**Problem**
Your answer must be the full listing, reproduced exactly, minus any pictures.

**Provided material**
================

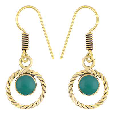 Home | Fashion Earrings | Brass Gemstone Earrings | Beautiful Twisted Wire Circle Around Green Onyx Round Shape Solid Brass Dangle Earrings
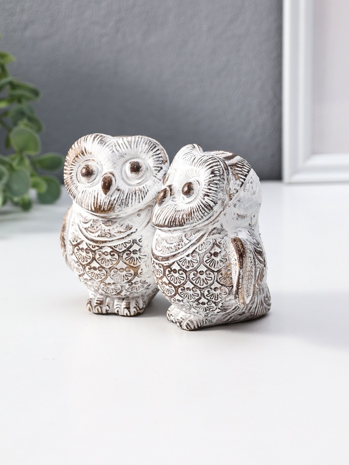 Эта фигурка двух совят в трогательном объятии — символ нежности, верности и мудрой дружбы. Белоснежный полистоун с деликатным золотым покрытием создаёт ощущение драгоценного фарфора, а тёплый оттенок патины добавляет образу глубины и винтажного шарма. Композиция станет многозначным подарком, который говорит о чувствах без слов.
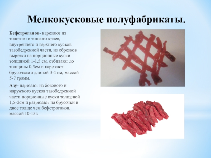 Азу- нарезают из бокового и наружного кусков тазобедренной части порционные куски толщеной 1,5-2см и разрезают на брусочки в двое толще чем бефстроганов, массой 10-15г.

================

**Response to this task**
 Home | Fashion Earrings | Brass Gemstone Earrings | Beautiful Twisted Wire Circle Around Green Onyx Round Shape Solid Brass Dangle Earrings
 Эта фигурка двух совят в трогательном объятии — символ нежности, верности и мудрой дружбы. Белоснежный полистоун с деликатным золотым покрытием создаёт ощущение драгоценного фарфора, а тёплый оттенок патины добавляет образу глубины и винтажного шарма. Композиция станет многозначным подарком, который говорит о чувствах без слов.
 Азу- нарезают из бокового и наружного кусков тазобедренной части порционные куски толщеной 1,5-2см и разрезают на брусочки в двое толще чем бефстроганов, массой 10-15г.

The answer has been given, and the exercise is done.